EXERCISE MATERIALS:
******************************
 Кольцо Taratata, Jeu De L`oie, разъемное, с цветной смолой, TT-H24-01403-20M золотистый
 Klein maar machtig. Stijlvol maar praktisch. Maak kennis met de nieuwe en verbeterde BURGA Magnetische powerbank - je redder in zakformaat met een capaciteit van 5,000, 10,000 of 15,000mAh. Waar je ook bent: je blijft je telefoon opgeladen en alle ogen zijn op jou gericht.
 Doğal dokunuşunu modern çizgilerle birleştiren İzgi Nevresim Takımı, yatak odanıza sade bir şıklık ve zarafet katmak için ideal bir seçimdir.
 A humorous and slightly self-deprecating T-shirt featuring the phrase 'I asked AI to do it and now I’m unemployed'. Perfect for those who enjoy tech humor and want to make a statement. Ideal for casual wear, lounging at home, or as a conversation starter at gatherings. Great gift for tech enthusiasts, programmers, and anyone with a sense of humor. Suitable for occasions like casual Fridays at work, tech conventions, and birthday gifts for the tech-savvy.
******************************
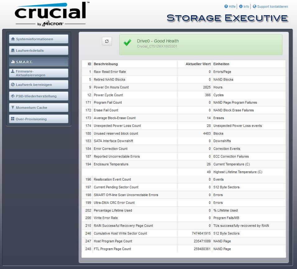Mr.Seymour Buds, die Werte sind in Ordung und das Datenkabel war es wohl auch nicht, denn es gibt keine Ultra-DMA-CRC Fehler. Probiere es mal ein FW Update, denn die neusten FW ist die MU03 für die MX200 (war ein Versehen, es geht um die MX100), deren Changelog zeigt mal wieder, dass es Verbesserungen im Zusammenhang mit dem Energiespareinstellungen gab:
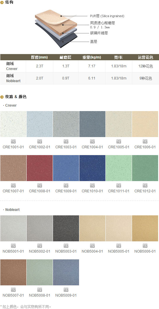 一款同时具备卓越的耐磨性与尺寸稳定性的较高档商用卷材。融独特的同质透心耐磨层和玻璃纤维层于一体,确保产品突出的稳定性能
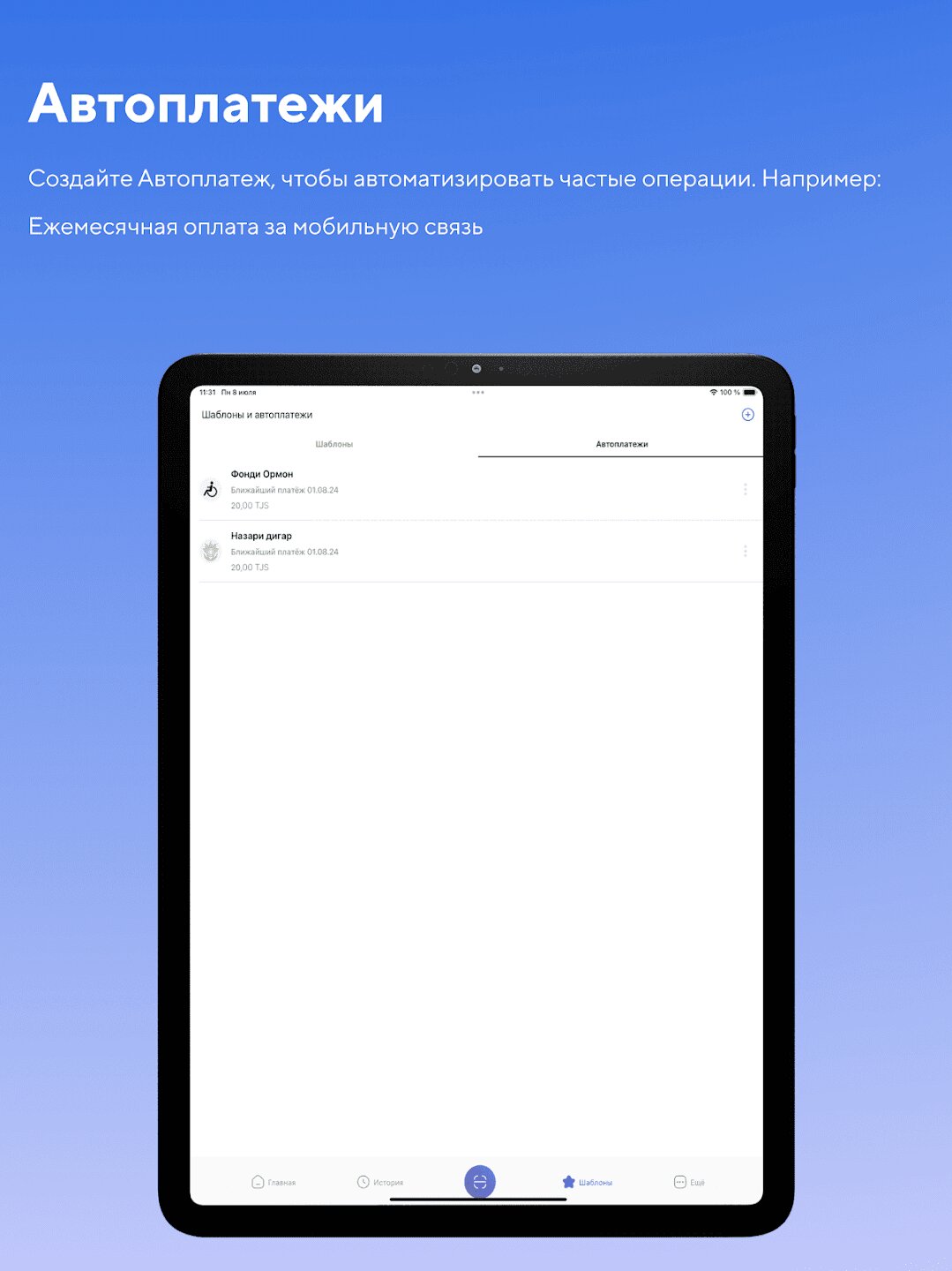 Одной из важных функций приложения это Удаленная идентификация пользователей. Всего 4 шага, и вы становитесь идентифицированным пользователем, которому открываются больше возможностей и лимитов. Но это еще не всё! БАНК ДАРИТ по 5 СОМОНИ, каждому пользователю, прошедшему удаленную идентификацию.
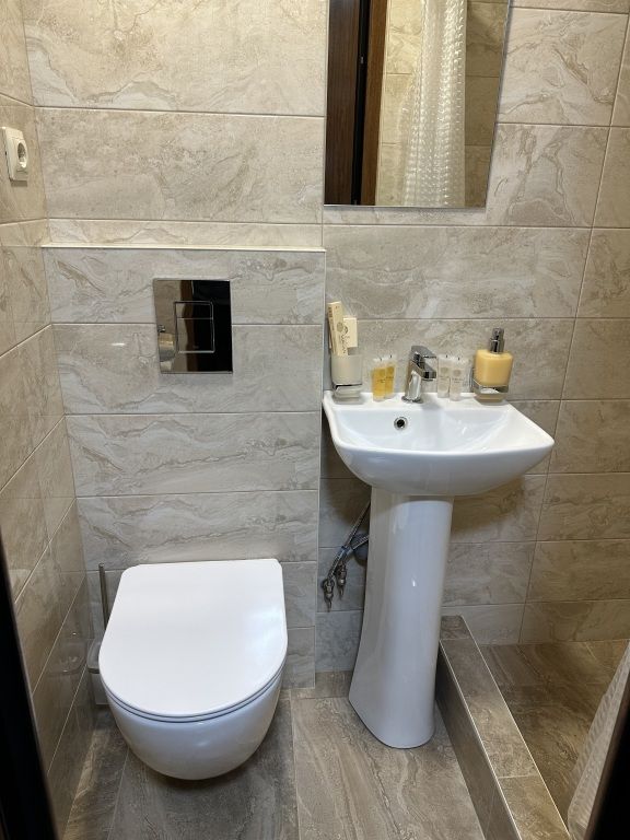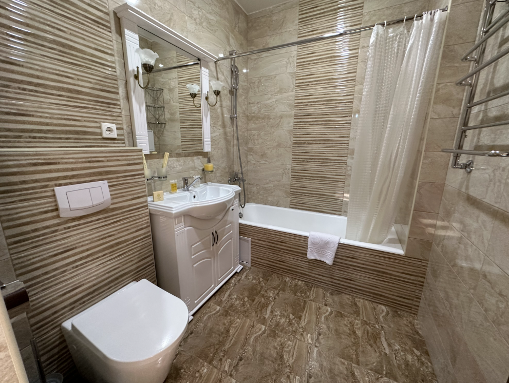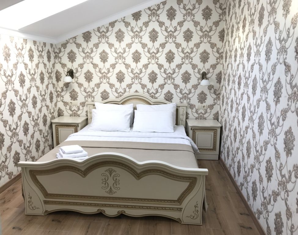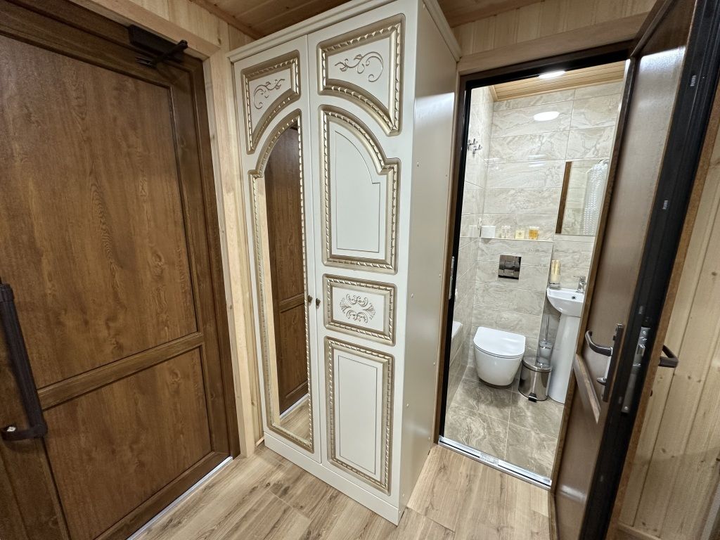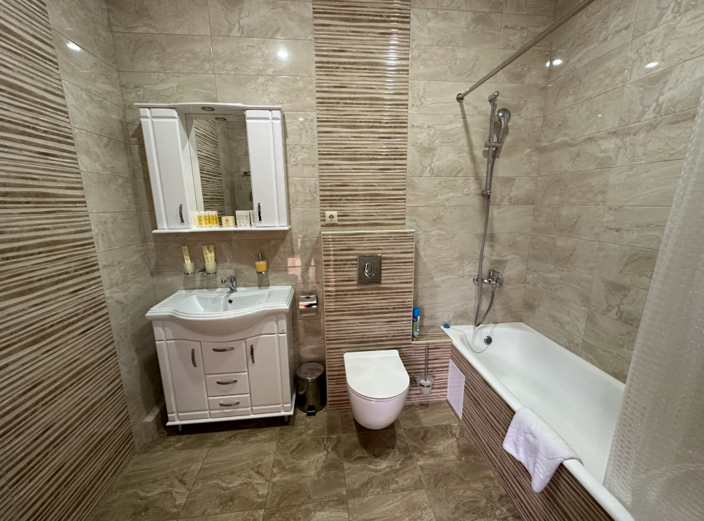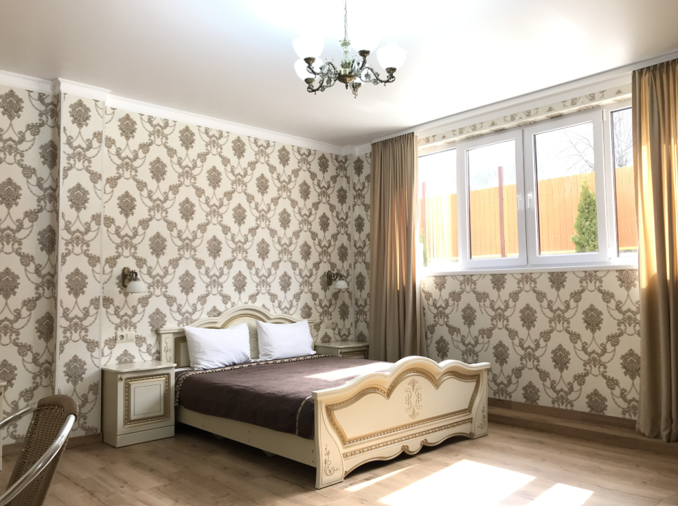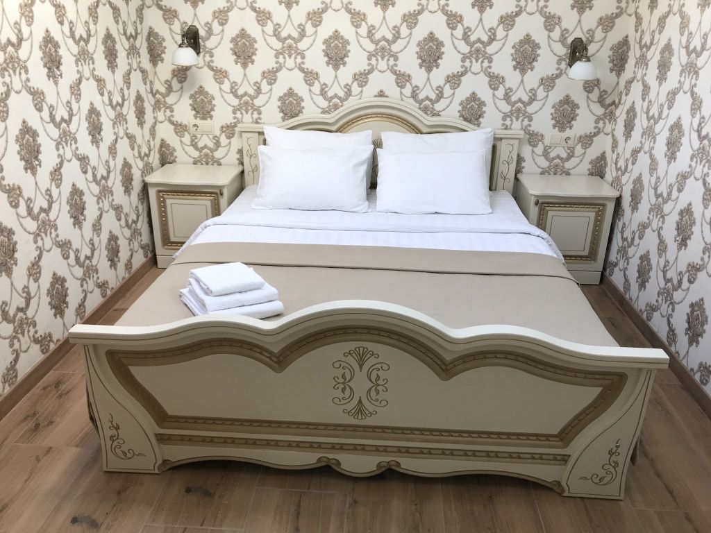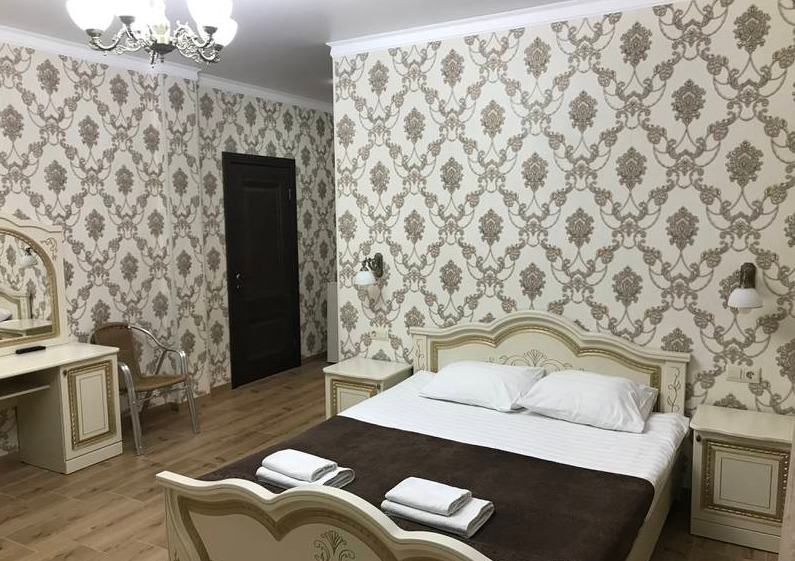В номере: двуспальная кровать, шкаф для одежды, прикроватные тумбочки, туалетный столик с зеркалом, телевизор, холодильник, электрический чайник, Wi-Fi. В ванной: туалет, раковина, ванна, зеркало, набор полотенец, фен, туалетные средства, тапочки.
******************************
AIM OF THE EXERCISE: Within the listing above, give again exactly every line from the line with "Кольцо Taratata, Jeu" through the line with "A humorous and", both included, and no other line.

TASK OUTPUT:
 Кольцо Taratata, Jeu De L`oie, разъемное, с цветной смолой, TT-H24-01403-20M золотистый
 Klein maar machtig. Stijlvol maar praktisch. Maak kennis met de nieuwe en verbeterde BURGA Magnetische powerbank - je redder in zakformaat met een capaciteit van 5,000, 10,000 of 15,000mAh. Waar je ook bent: je blijft je telefoon opgeladen en alle ogen zijn op jou gericht.
 Doğal dokunuşunu modern çizgilerle birleştiren İzgi Nevresim Takımı, yatak odanıza sade bir şıklık ve zarafet katmak için ideal bir seçimdir.
 A humorous and slightly self-deprecating T-shirt featuring the phrase 'I asked AI to do it and now I’m unemployed'. Perfect for those who enjoy tech humor and want to make a statement. Ideal for casual wear, lounging at home, or as a conversation starter at gatherings. Great gift for tech enthusiasts, programmers, and anyone with a sense of humor. Suitable for occasions like casual Fridays at work, tech conventions, and birthday gifts for the tech-savvy.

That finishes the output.